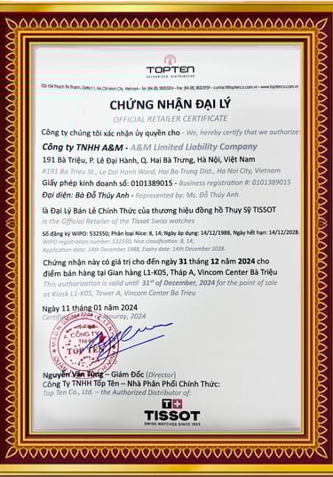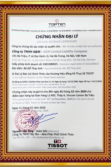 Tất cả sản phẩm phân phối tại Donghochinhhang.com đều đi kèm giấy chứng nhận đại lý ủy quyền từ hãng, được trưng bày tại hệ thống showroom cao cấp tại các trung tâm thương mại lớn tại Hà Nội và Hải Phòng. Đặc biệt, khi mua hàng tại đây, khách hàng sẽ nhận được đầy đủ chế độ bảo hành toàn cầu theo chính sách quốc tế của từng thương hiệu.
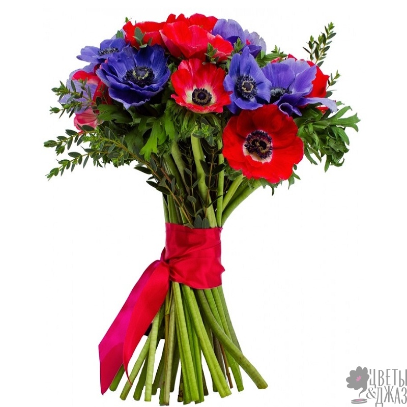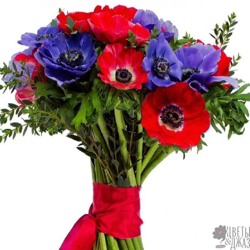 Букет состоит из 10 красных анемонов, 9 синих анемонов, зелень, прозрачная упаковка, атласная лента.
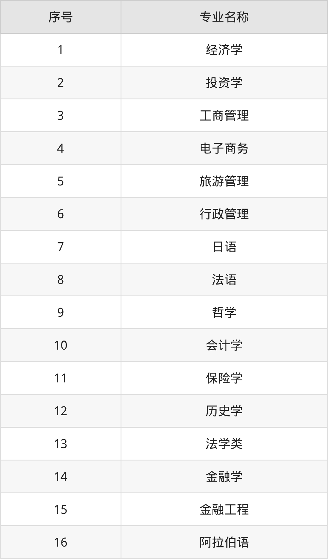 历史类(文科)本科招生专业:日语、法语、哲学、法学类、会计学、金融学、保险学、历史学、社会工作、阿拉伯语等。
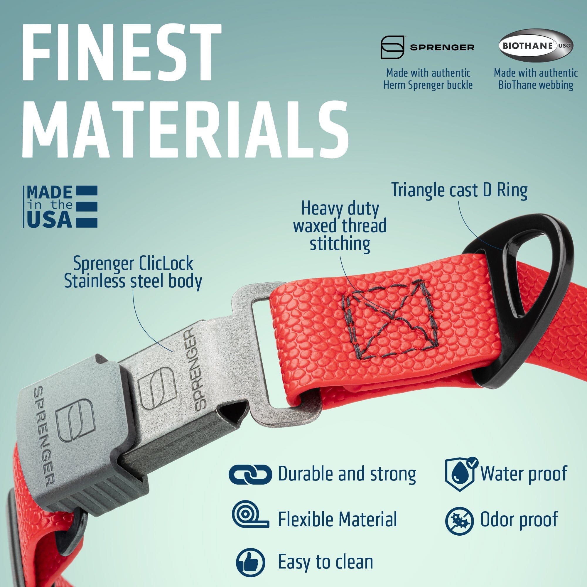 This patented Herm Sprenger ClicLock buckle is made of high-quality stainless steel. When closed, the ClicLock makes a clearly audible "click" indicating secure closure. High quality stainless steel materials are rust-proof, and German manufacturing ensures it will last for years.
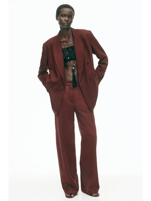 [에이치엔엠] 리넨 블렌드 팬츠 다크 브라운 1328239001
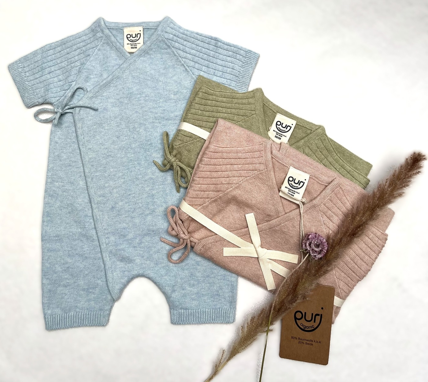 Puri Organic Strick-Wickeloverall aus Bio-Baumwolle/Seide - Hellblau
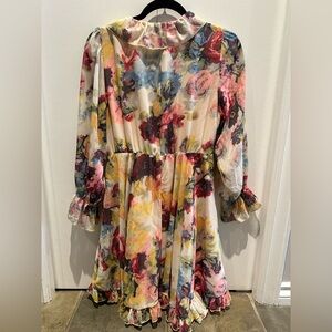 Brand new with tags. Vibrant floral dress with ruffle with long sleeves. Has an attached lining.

**TASK DESCRIPTION**: Begin at the first line of the listing and print each line exactly. Stop after the line containing "Букет состоит из", and omit all pictures.

**YOUR SOLUTION**:
 Tất cả sản phẩm phân phối tại Donghochinhhang.com đều đi kèm giấy chứng nhận đại lý ủy quyền từ hãng, được trưng bày tại hệ thống showroom cao cấp tại các trung tâm thương mại lớn tại Hà Nội và Hải Phòng. Đặc biệt, khi mua hàng tại đây, khách hàng sẽ nhận được đầy đủ chế độ bảo hành toàn cầu theo chính sách quốc tế của từng thương hiệu.
 Букет состоит из 10 красных анемонов, 9 синих анемонов, зелень, прозрачная упаковка, атласная лента.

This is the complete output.